Японка выдержала паузу. Воздушное платье цвета коралла, стянутое под грудью, колыхалась у коленей, открывая полные, но красивые ноги. Хотя, как по Маю, так любые ноги сгодятся. Женщина растянула губы, как будто улыбалась, но лицо оставалось печальным, и опустила глаза.
– Чтобы ты не нашел способа связаться с Эваллё, и с любым другим мужчиной, – объявила она, и Маю стиснул зубы, чтобы не послать её на три буквы на пару с японцем. – Тебе кажется, что я слишком многое позволяю Саёри.

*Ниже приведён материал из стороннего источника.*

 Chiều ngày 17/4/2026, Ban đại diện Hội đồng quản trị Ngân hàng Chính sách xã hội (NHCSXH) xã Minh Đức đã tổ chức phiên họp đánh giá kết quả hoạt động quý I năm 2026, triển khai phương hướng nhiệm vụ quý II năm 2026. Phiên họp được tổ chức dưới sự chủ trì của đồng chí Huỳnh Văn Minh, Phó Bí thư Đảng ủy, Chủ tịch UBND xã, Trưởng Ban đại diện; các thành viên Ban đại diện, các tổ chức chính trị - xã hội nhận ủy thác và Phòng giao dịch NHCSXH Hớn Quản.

Но пока мы с ним придерживаемся схожего мнения насчет вас с братом, я не увижу причин, почему Саёри был бы не прав.
– Я же сказал уже, что это был не Эваллё. Это был мой наставник, – сообщил мальчик то, в чем не решался признаться до сих пор, – он водил нас за нос. С моим настоящим братом сделали что-то ужасное, только чтобы наставник мог занять его место…

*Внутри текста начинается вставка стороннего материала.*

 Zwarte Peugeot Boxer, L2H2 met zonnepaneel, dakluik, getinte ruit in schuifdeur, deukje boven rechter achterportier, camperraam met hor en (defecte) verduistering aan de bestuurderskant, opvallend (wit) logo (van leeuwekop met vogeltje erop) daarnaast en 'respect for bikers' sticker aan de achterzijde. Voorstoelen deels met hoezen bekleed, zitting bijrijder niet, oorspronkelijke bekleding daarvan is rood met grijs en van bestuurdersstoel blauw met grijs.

– Маю, ты хоть слышишь себя со стороны?.. – она окинула его сердобольным взглядом. – Мне по-настоящему жалко тебя.
Закончив на этом их разговор, Тахоми отправилась за мусорным ведром, где вскоре окажутся все недоеденные Маю продукты.

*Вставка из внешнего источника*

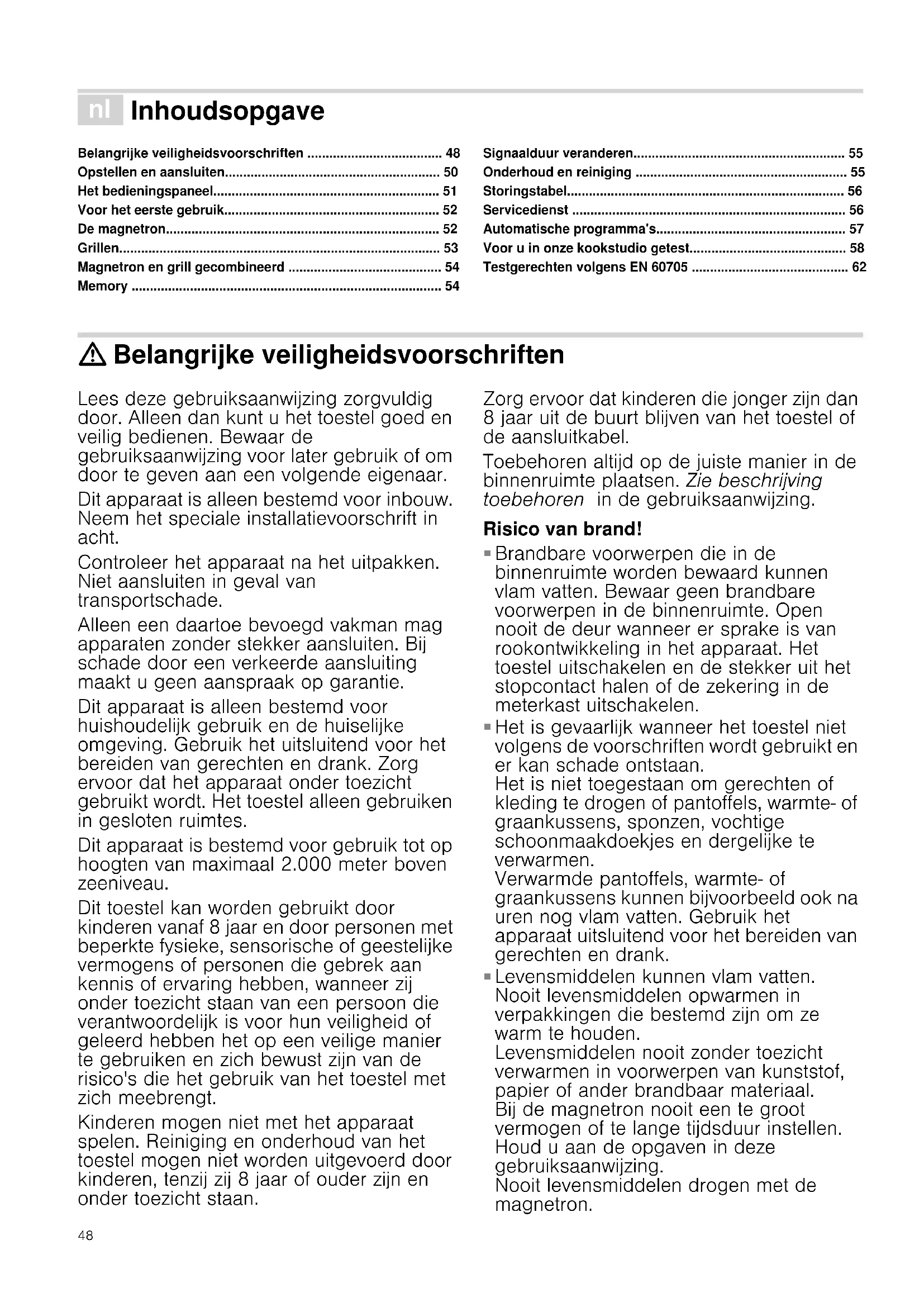 - Testgerechten volgens EN 60705 : Belangrijke veiligheidsvoorschriften Lees deze gebruiksaanwijzing zorgvuldig door. Alleen dan kunt u het toestel goed en veilig bedienen. Bewaar de gebruiksaanwijzing voor later gebruik of om door te geven aan een volgende eigenaar. Dit apparaat is alleen bestemd voor inbouw. Neem het speciale installatievoorschrift in acht. Controleer het apparaat na het uitpakken. Niet aansluiten in geval van transportschade. Alleen een daartoe bevoegd vakman mag apparaten zonder stekker aansluiten. Bij schade door een verkeerde aansluiting maakt u geen aanspraak op garantie. Dit apparaat is alleen bestemd voor huishoudelijk gebruik en de huiselijke omgeving. Gebruik het uitsluitend voor het bereiden van gerechten en drank. Zorg ervoor dat het apparaat onder toezicht gebruikt wordt. Het toestel alleen gebruiken in gesloten ruimtes. Dit apparaat is bestemd voor gebruik tot op hoogten van maximaal 2.000 meter boven zeeniveau. Dit toestel kan worden gebruikt door kinderen vanaf 8 jaar en door personen met beperkte fysieke, sensorische of geestelijke vermogens of personen die gebrek aan kennis of ervaring hebben, wanneer zij onder toezicht staan van een persoon die verantwoordelijk is voor hun veiligheid of geleerd hebben het op een veilige manier te gebruiken en zich bewust zijn van de risico's die het gebruik van het toestel met zich meebrengt. Kinderen mogen niet met het apparaat spelen. Reiniging en onderhoud van het toestel mogen niet worden uitgevoerd door kinderen, tenzij zij 8 jaar of ouder zijn en onder toezicht staan. Zorg ervoor dat kinderen die jonger zijn dan 8 jaar uit de buurt blijven van het toestel of de aansluitkabel. Toebehoren altijd op de juiste manier in de binnenruimte plaatsen. Zie beschrijving toebehoren in de gebruiksaanwijzing. Risico van brand! p. 62

Тахоми считает его больным. Дожил.
Тогда неудивительно, что она хочет отделаться от него. Он же ненормальный. Пытается убедить её в том, что люди летают. Тем лучше будет, если он уедет. Родная тётка от него отказывалась. Наивный глупенький Маю, он-то думал, добрая тётя всё поймет, простит и утешит.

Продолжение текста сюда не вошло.